Secrets Weight Heavy In Holocaust Drama About A Jewish Girl Posing As A Christian

My Name Is Sara tells the true life-story of 13-year-old Sara Góralniak (newcomer Zuzanna Surowy) whose family and all the other Jews from her hometown of Koretz (located in Ukraine) have been branded and are soon to be sent off to ghettos then later concentration camps during Nazi reign. Sara is one of the two older siblings, four total. She and her older brother are sent away to the countryside where her parents have paid a lot of money to an old woman to provide refuge for the older siblings. It’s September of 1942 and at the height of WWII; the Nazis are everywhere, killing anyone and everyone who is supected as Jewish or an ally/resource to them.

Fearing that the two would be caught or turned over, Sarah flees from her brother and wades through the thick forests of Ukraine in search of food and protection. Sara finds refuge in a small village, passing as a Christian, she is reluctantly taken in by an older farmer named Pavlo (Eryk Lubos), his young wife Nadya (Michalina Olszańska) to look after their two young boys. She soon discovers the dark secrets of Pavlo and Nadya’s marriage, compounding the greatest secret she must strive to protect, her true identity.

The film is directed by Steven Oritt (Accidental Climber, American Native), written by David Himmelstein, produced by Justyna Pawlak, and executively produced by Mickey Shapiro – the son of Sara Góralniak and Asa Shapiro. He is involved in multiple charities and organizations dedicated to preserving the memory of the Holocaust, including Steven Spielberg’s USC Shoah Foundation. Mickey credits his family history as the inspiration for his philanthropy. My Name Is Sara depicts the real life dilemma of his mother’s intense and deadly journey of having to flee her home and family only to spend the next few years in hiding within a Ukrainian family.

They and other Ukrainian country folk could and would turn on her for their own survival against the Nazi’s at any time. She takes on the identity of Christian classmate Manya Romanchuk who, through studying together, taught her Christian prayers. The film has simple cinematography but holds the intensity of Sara’s eggshell circumstance as she is constantly faced with wonder, fear, and threats from all angles and walks of life.

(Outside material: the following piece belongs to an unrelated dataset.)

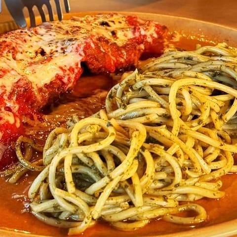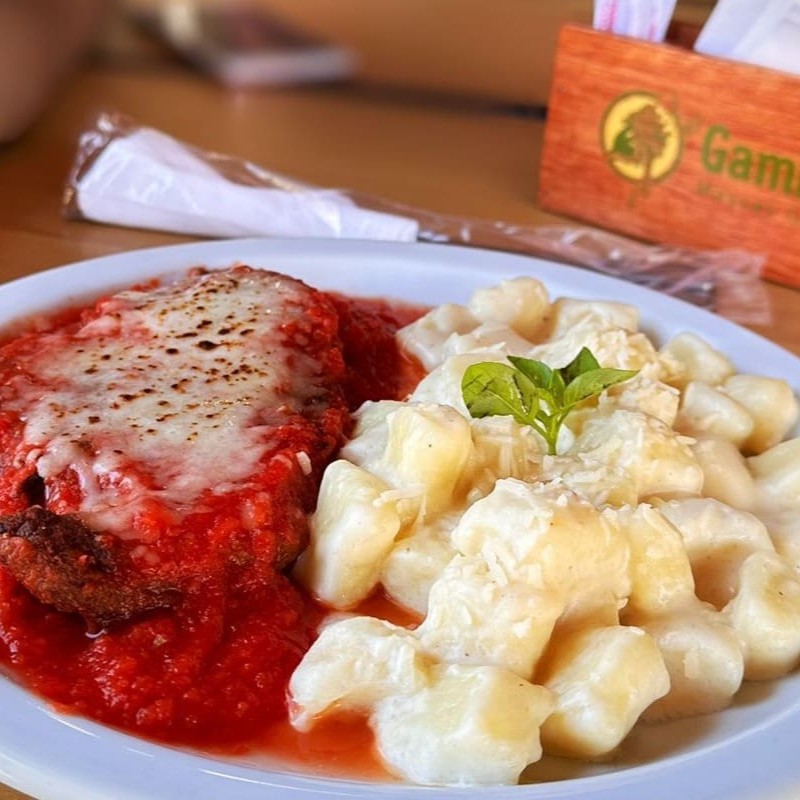 Saboreie um delicioso nhoque artesanal ao molho branco acompanhado por uma porção de 150g de suculento filé mignon à parmegiana, coberto com um autêntico molho de tomate caseiro e finalizado com muçarela gratinada.

My Name is Sara gives more historically valuable insight into one of the most devastating eras and wars that have plagued our planet since the birth of human conflict. Not only that, the film is coming out in the further devastating midst of Russians currently occupying Ukraine; essentially following in the footsteps of the bullshit Nazi regime. The acting and writing of the film was well put together but I didn’t understand the use of the English language. It was out of place for the primarily spoken languages of Hebrew, Ukrainian, and Russian for that location of Eastern Europe at the time.

For the two years that Sara was hiding within this family, the film centers more on the tempestuous web that Pavlo, Nadya, and Sara were caught in. Highlighting the flaws and secrets that we all carry but is emboldened when faced with war and almost guaranteed death. The film presents a much softer tone of WWII. However, it is riddled with sickening reminders of a time utterly macabre. Nonetheless, it’s still worth seeing.

My Name Is Sara opens in NY theaters July and releases nationwide, July 22nd.